Touqeer Ahmed
Jaewon Ko- 1Neurobiology Laboratory, Department of Healthcare Biotechnology, Atta-ur-Rahman School of Applied Biosciences, National University of Sciences and Technology, Islamabad, Pakistan
- 2Department of Brain Sciences, Daegu Gyeongbuk Institute of Science and Technology (DGIST), Daegu, South Korea
Editorial on the Research Topic
Synaptic Failure and Circuits' Impairment—Cognitive and Neurological Disorders—Moving a Step Forward
Synapses act as the core information processing unit in the brain and are fundamental for various cognitive processes during development, adulthood, and aging. Thus, elucidation of how synapses are constructed, maintained, remodeled, and eliminated is essential for better understanding how various neurological and/or cognitive disorders occur. An area of active investigation is how dysfunctions of key synaptic signaling mechanisms contribute to diseased conditions.
The present Research Topic presents a series of observations that could provide new perspectives on the molecular, cellular, and systems mechanisms implicated in various neurological and cognitive disorders. Badawi et al. studied the role of salt-inducible kinases (SIKs), which were previously implicated in infantile epileptic encephalopathy and autism spectrum disorders (ASDs). The authors used SIK1 mutant mice that harbor mutations observed in patients with ASDs and exhibit disruption of excitatory and inhibitory synaptic balance and ASD-like behaviors, and found that risperidone administration significantly improved their repetitive behaviors and decreased the levels of neuronal excitability and excitatory synaptic transmission. Synaptic cell-adhesion proteins have been considered prime candidates for various neurological and neuropsychiatric disorders. Uchigashima et al. extensively discuss the physiological and pathological roles of neuroligin-3, which has been strongly associated with non-syndromic ASDs and other neurodevelopmental conditions. Meanwhile, Maxeiner et al. performed sophisticated analyses using sequences from a male gerbil genome to reveal a new perspective on the evolution of neuroligin-4, which has been strongly linked to ASDs. NMDA receptors are critical for proper brain physiology and have been associated with the pathophysiology of multiple brain diseases. SLC6A20A is a proline and glycine transporter known to regulate glycine homeostasis and NMDA receptor function. Kim et al. generated heterozygous and homozygous mutant mice lacking Slca6a20a and performed extensive behavioral analyses. The authors found that heterozygous and homozygous Slc6a20a deletions in mice lead to differential changes in behaviors and transcriptomic profiles that could be relevant to ASD pathogenesis.

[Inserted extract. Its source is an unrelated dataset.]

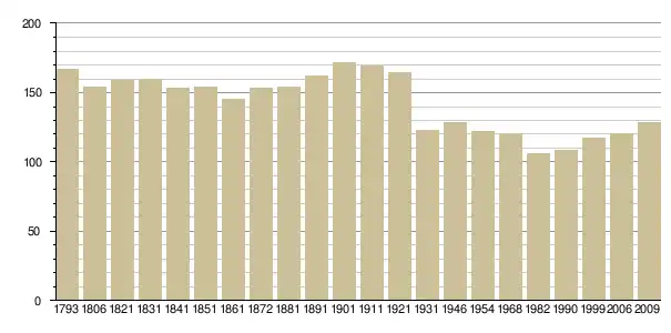 Динаміка населення (base Cassini de l'EHESS pour les nombres retenus jusque 1962[3], base Insee à partir de 1968 (population sans doubles comptes puis population municipale à partir de 2006)[4] · [5] ):

Circadian disruptions have long been suspected to play a role in the vulnerability to a subset of neurological disorders. Jiang et al. provide intriguing evidence that the activity of Rac1, a key signaling regulator involved in synapse development and plasticity, undergoes time of day-dependent alterations and mediates contextual fear memory in rats. Andrade-Talavera et al. reviewed the literature showing that spike timing dependent plasticity (STDP) and neuronal circuit rhythms are disrupted in Alzheimer's disease (AD). The authors highlight that the accumulation of neurotoxic peptides, activation of microglial cells, and impaired functions of astrocytes contribute to spike-timing precision deterioration and neuronal network collapse, leading to cognitive impairment. This review also elaborates the shortcomings of available animal models for AD and proposes the need for more studies focusing on the earlier phases of AD.
Ueda et al. studied and compared the important brain areas involved in emotional states, such as the central nuclei of the amygdala (CeL) and the bed nucleus of the stria terminalis (BNST). Some previous studies revealed many similarities in these nuclei, while others highlighted differences between them. This study elaborates that CeL and BNST neurons exhibit similar genetic compositions and gene expression profiles, but different gene expression responses to fearful stimuli. Moreover, manipulation of these nuclei has differential effects on behavior: inhibiting CeL PKCδ+ neurons attenuates fear learning, while inhibiting BNST PKCδ+ neurons affects anxiety-like behavior. Skirzewski et al. provide insightful perspectives on the significance of multisensory integration to sensory perception in brain functions, focusing on the role of neural circuits encompassing the medial prefrontal cortex and basolateral amygdala in visual information processing. The authors propose potentially promising therapeutic strategies of manipulating mPFC signaling and employing environmental enrichment to address higher-order visual dysfunctions, such as cerebral visual impairment.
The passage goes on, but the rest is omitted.